1.2.4.7. Les gènes modificateurs

Chez la plupart des patients, le niveau de la protéine SMN, qui dépend du nombre de copies du gène SMN2, détermine l’âge d’apparition et la sévérité des symptômes. Cependant, dans certains cas, le nombre de copies du gène SMN2 ne correspond pas au phénotype observé en raison de gènes modificateurs qui peuvent moduler la gravité de la maladie (Harada et al., 2002). Par exemple, des études ont montré que 50% des patients SMA de type I portent une délétion du gène NAIP situé en aval de SMN1 (Roy et al., 1995). L’inactivation de ce gène semble être un facteur défavorable puisque certains patients présentent une SMA de type I malgré la présence de 3 copies de SMN2 (Harada et al., 2002; Watihayati et al., 2009). Chez les patients SMA de type II et III le pourcentage d’individus porteurs de cette délétion est comprise entre 20 et 10% (Zerres et al., 1997b).
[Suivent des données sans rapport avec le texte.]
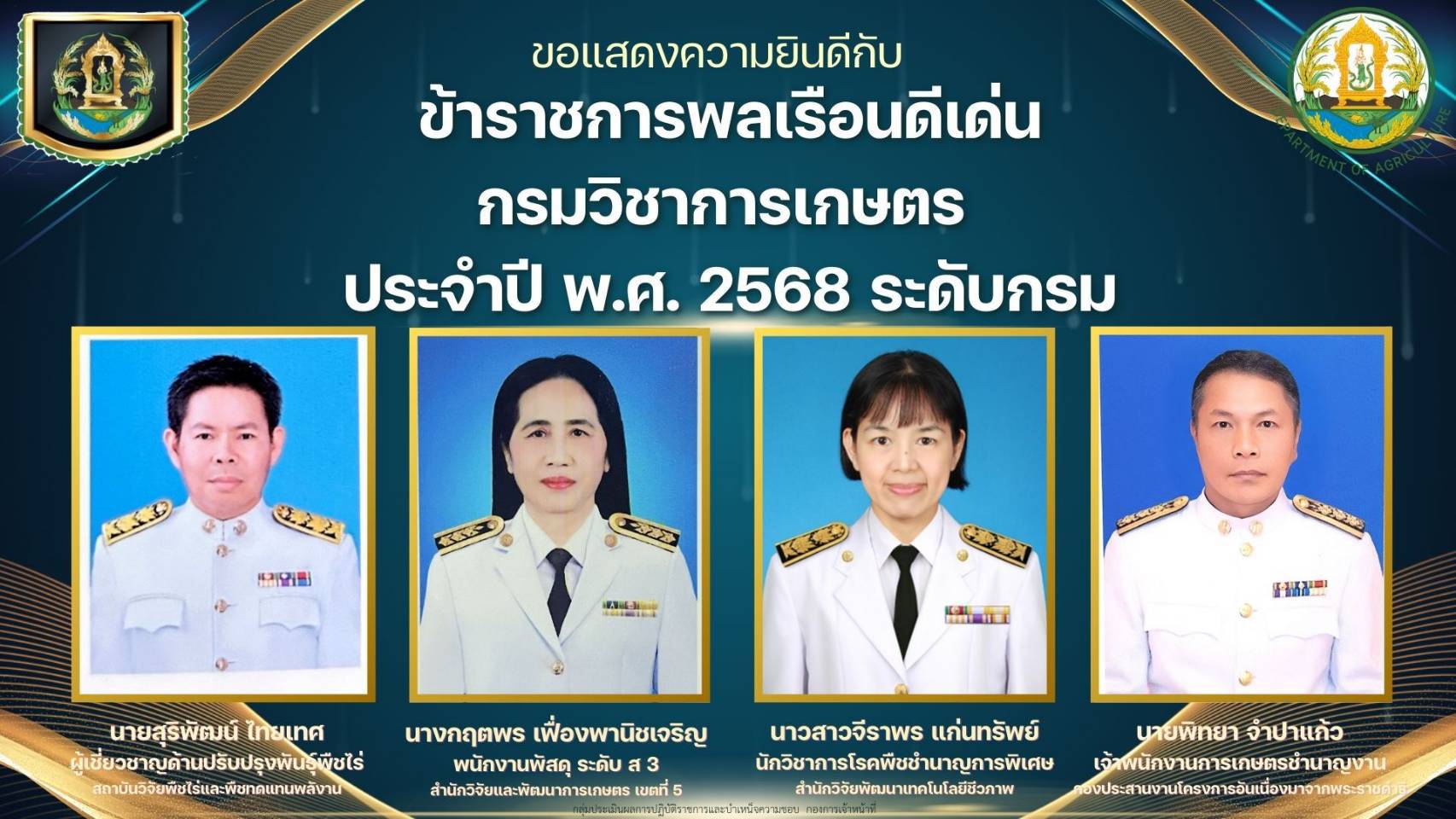 ประกาศกรมวิชาการเกษตร เรื่อง ข้าราชการพลเรือนดีเด่นกรมวิชาการเกษตร ประจำปี พ.ศ. 2568
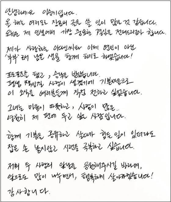 지난 2월 7일 화요일, 이승기는 자신의 공식 인스타그램 개정(@leeseunggi.official)을 통해 결혼 발표 전문을 올렸습니다. 중대발표이니만큼 정성스럽게 직접 수기로 작성하였네요.
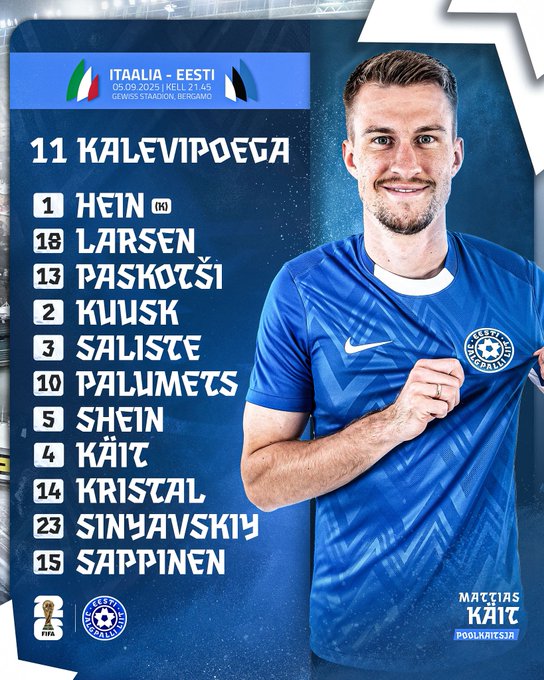 Жаҳон чемпионати саралаши доирасидаги Италия - Эстония беллашуви асосий таркиблари билан танишинг.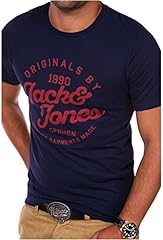 JACK & JONES Herren T-Shirt Kurzarmshirt Top Print Shirt Casual Basic O-Neck (M, Navy Blazer)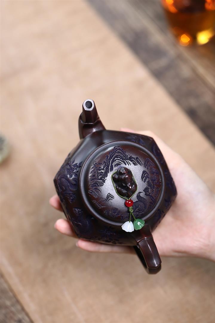 紫砂使用越久,壺身色澤越發光亮照人,氣韻溫雅。紫砂壺長久使用器身會因撫摸擦拭,變得越發溫潤光澤!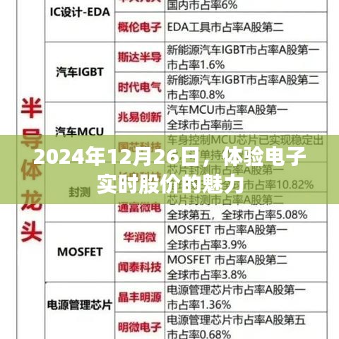 随着科技的飞速发展,电子实时股价已经成为现代投资者获取金融市场动态的重要工具,在即将到来的2024年12月26日,我将通过这篇文章带您领略电子实时股价的魅力,体验金融市场的脉搏。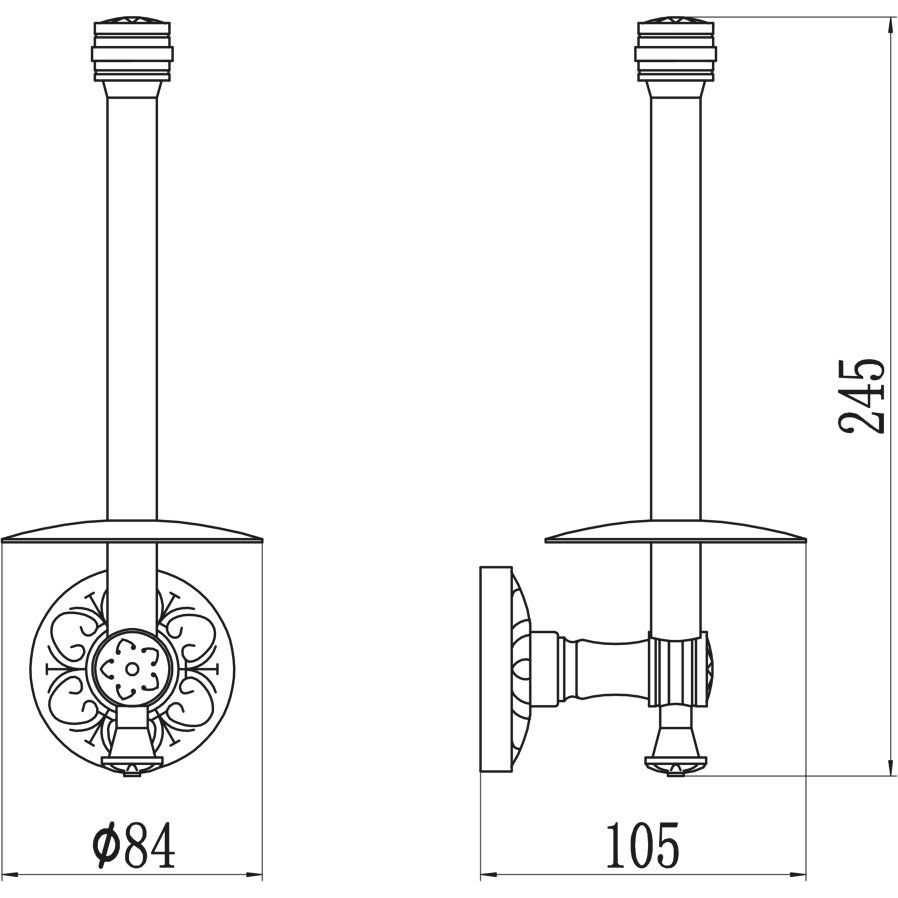 Держатель для запасных рулонов Savol 58 а имеет компактные размеры: ширина 8.4 см, глубина 10.5 см и высота 24.5 см, что позволяет ему идеально вписываться в любое пространство. Изделие подвесное, выполнено из прочной латуни и покрыто глянцевым хромом, обладая гарантийным сроком службы в 5 лет.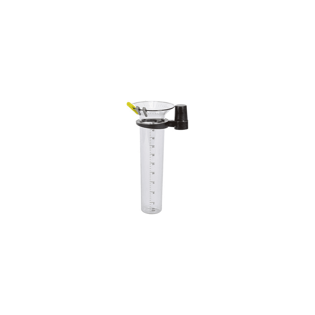 Държачът позволява лесно изваждане на измервателния съд без да се демонтира цялата конструкция. През зимата е силно препоръчително да приберете прозрачния съд на закрито. Въпреки UV защитата, замръзването на вода вътре в конуса може да доведе до разширяване на леда и механично повреждане на пластмасата.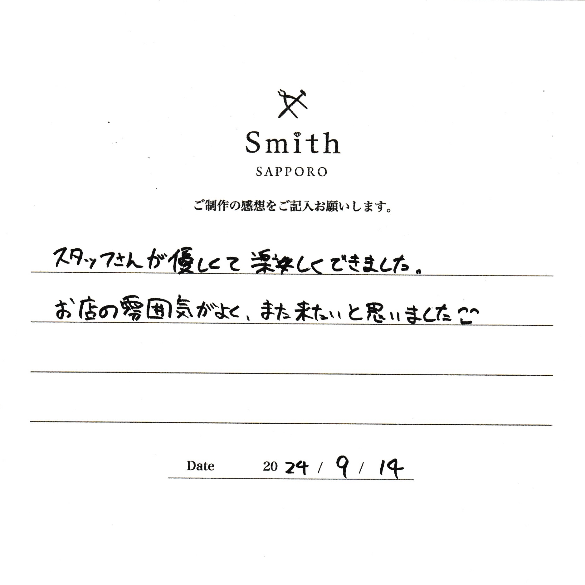 この度は、工房Smith京王プラザホテル札幌店で手作りペアリングのご制作誠にありがとうございました。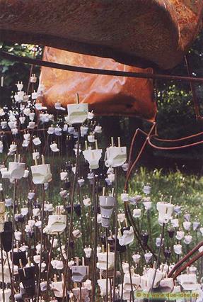 Alle Metallteile der Skulptur stammen aus gerade solchen, nicht mehr existenten Industriebetrieben und sollten diese auch symbolisieren. Die angebrachten Goldmosaiken, auch in ihren Unterschiedlichkeiten, verweisen auf Wohlstand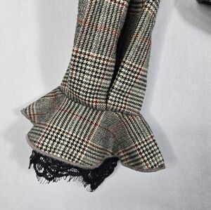 Self Portrait Off The Shoulder Plaid Top Womens Size 6 Ruffle Crop Lace Trim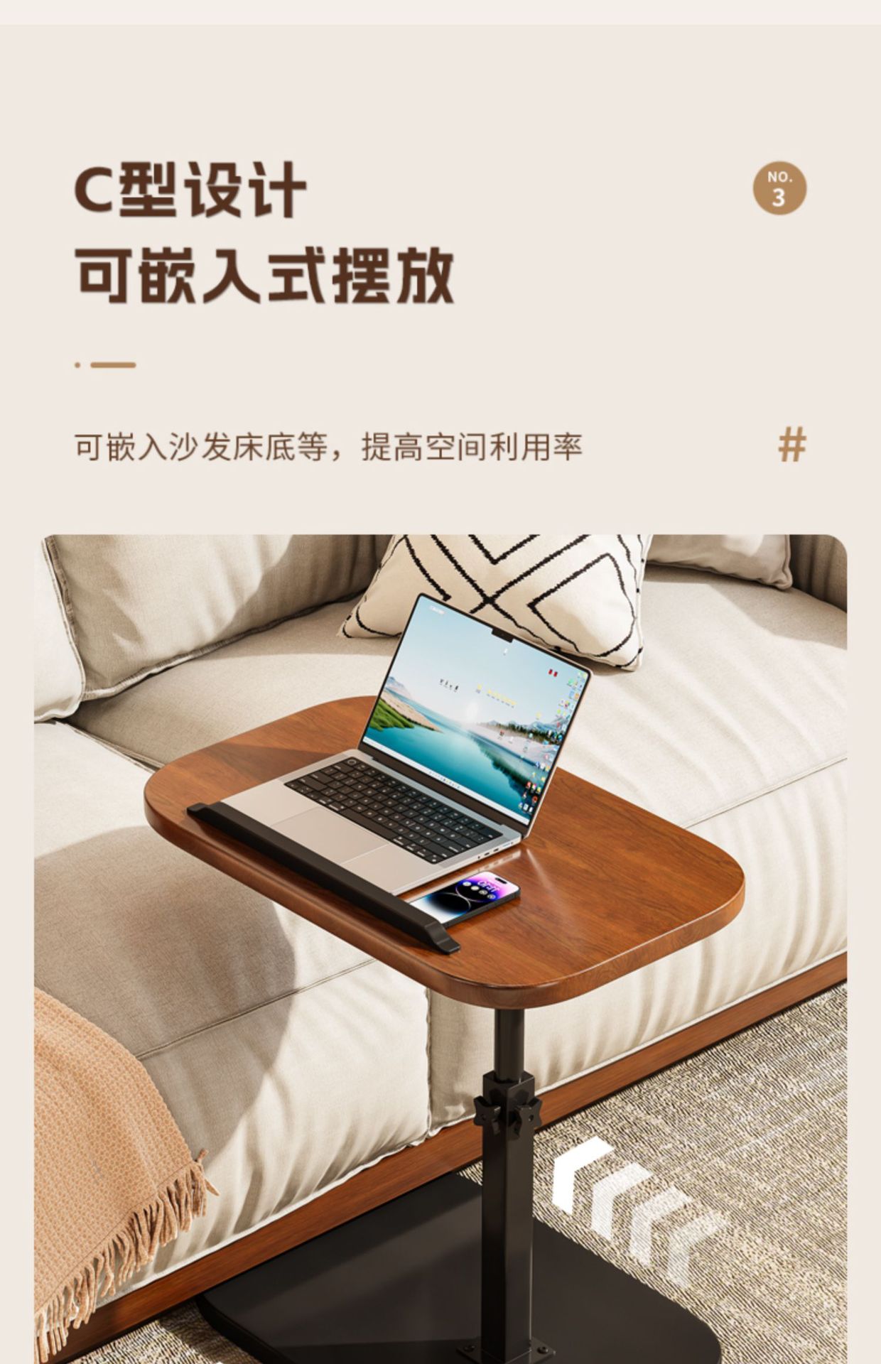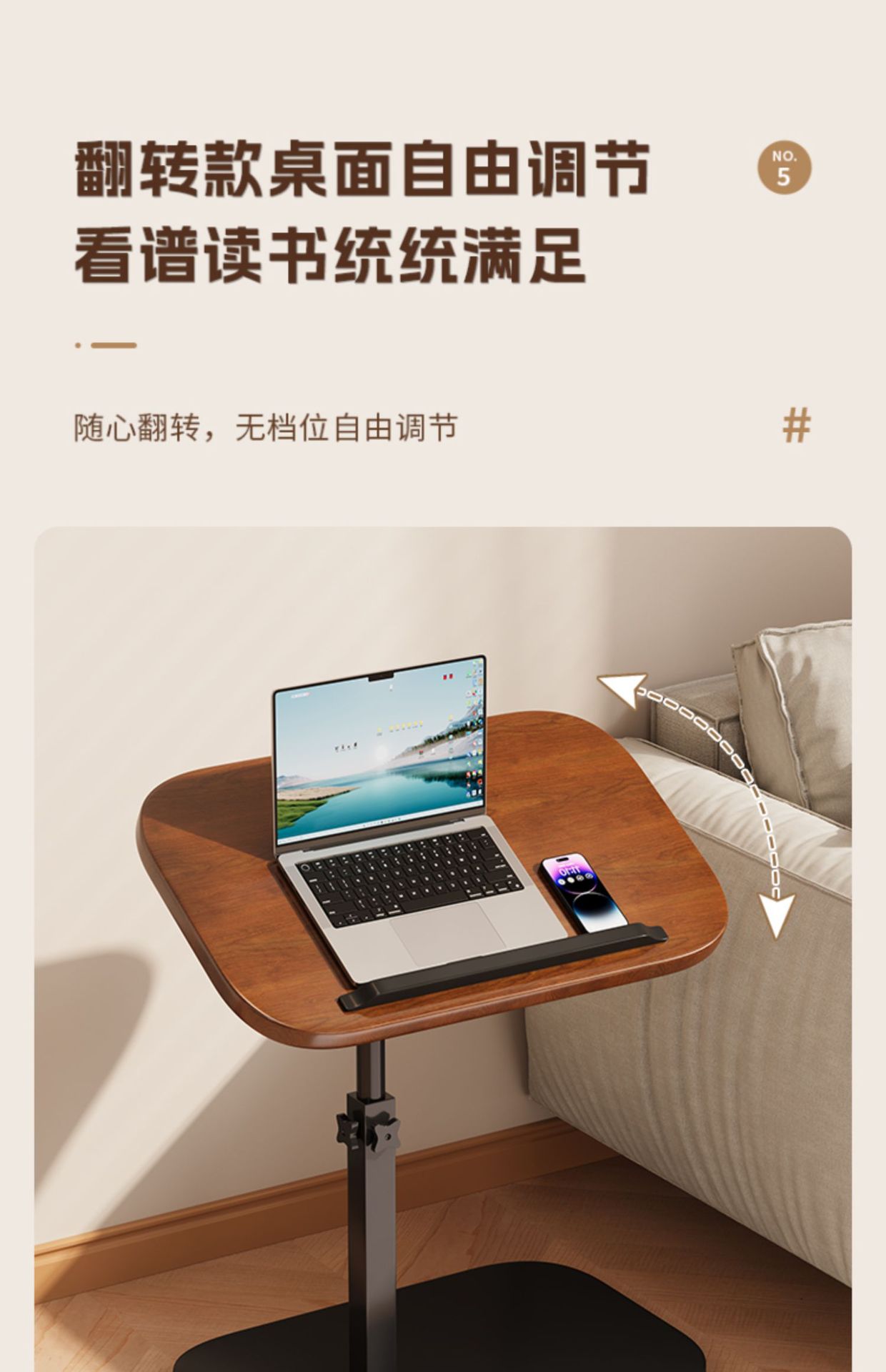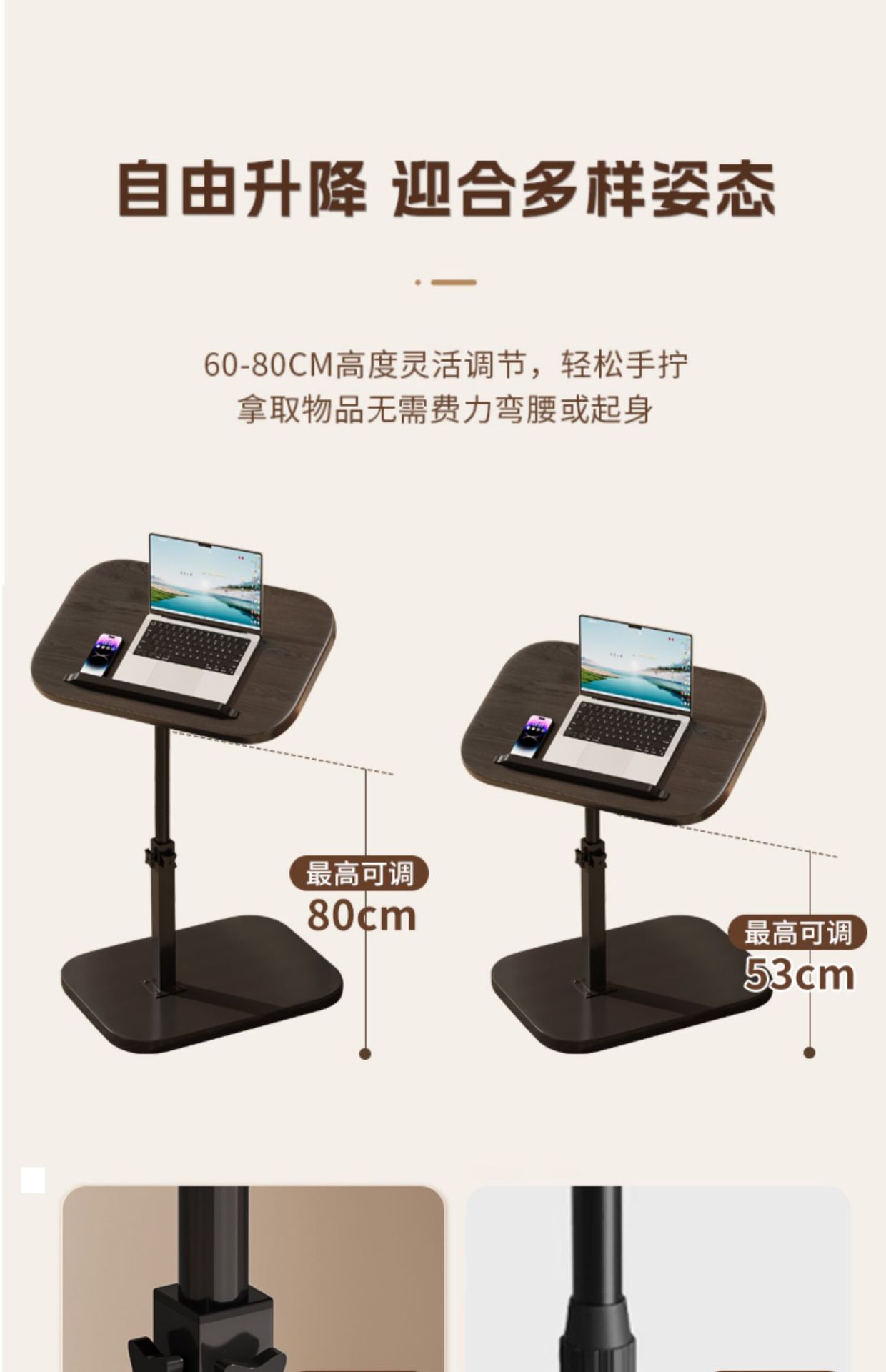 「轻巧灵动!复古多功能茶几」床边桌居家日用可移动升降电脑桌简易学生书桌卧室宿舍学习简约小桌子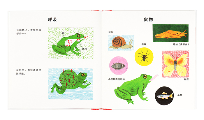 作为两栖动物,青蛙在水中和岸上用不同的方式呼吸。它有很多种食物可以吃: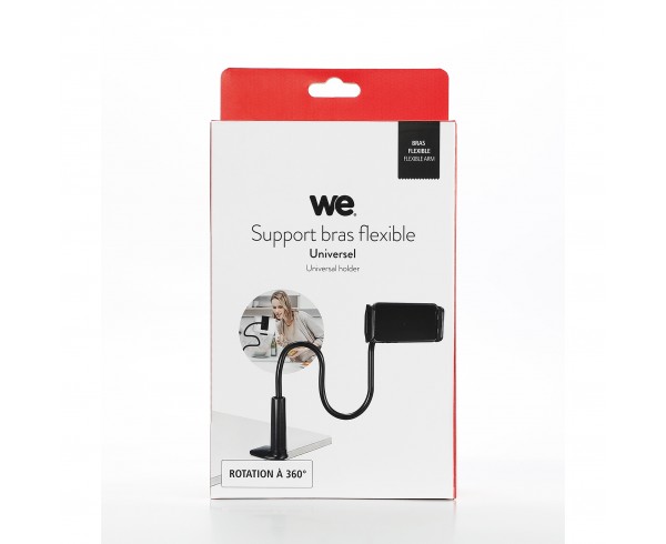WE Support universel avec long bras flexible de couleur noir. Compatible avec de trés nombreux produits ! Multi-usages. Noir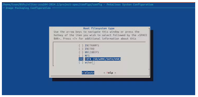 然后轉(zhuǎn)到Image Packaging Configuration,選擇EXT4 (SD/eMMC/USB)。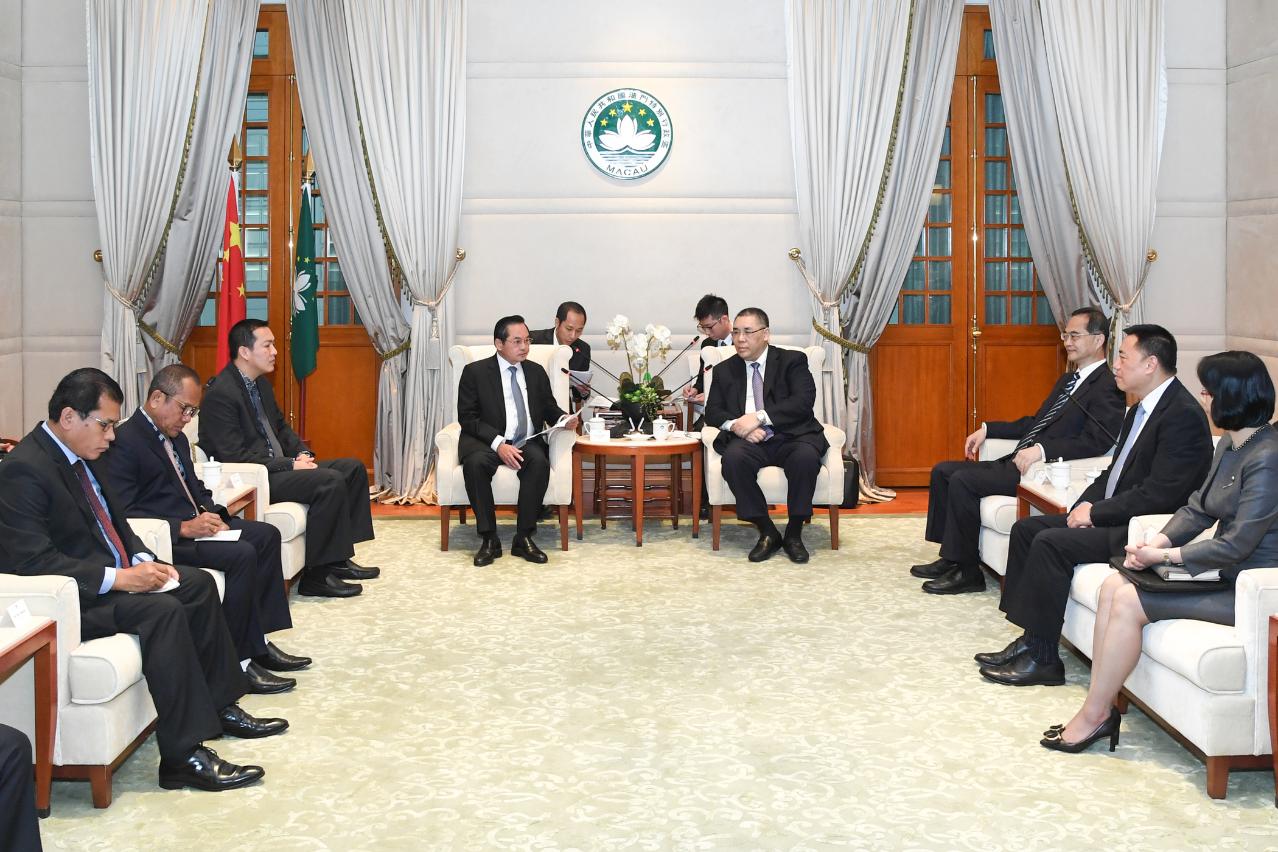 Em 2015, o primeiro-ministro do Camboja, Hun Sen, deslocou-se a Macau e, no ano seguinte, as duas partes assinaram um memorando de cooperação na área da formação turística. Já em 2016, o governador Khim Bunsong havia visitado a cidade, no âmbito do "Plano de Visitas de Presidentes de Câmara". Para Chui Sai On estes dados demonstram o aumento de contactos entre Macau e o Camboja nos últimos anos.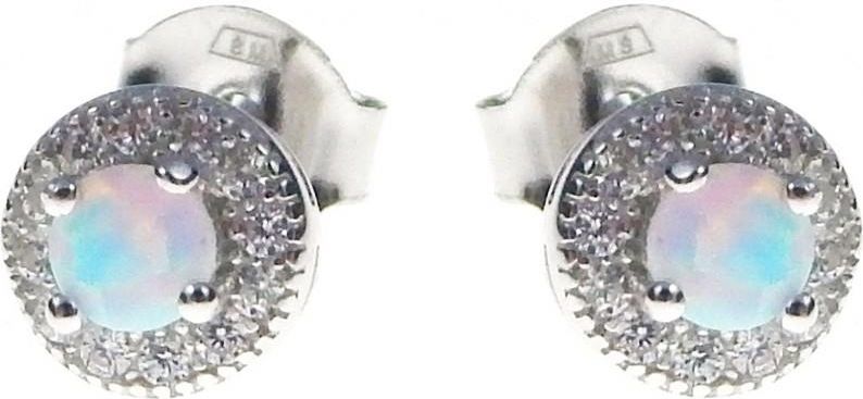 Delikatne rodowane srebrne kolczyki zdobione opalem i cyrkoniami, model V014E.

A l’inverse, des gènes protecteurs ont été identifiés. En effet, une atténuation des symptômes a été décrite chez certains patients ayant une mutation du gène SMN1 mais une expression élevée du gène plastin3 potentiellement due d’après les auteurs à des mutations sur les éléments régulateurs du gène (Oprea et al., 2008).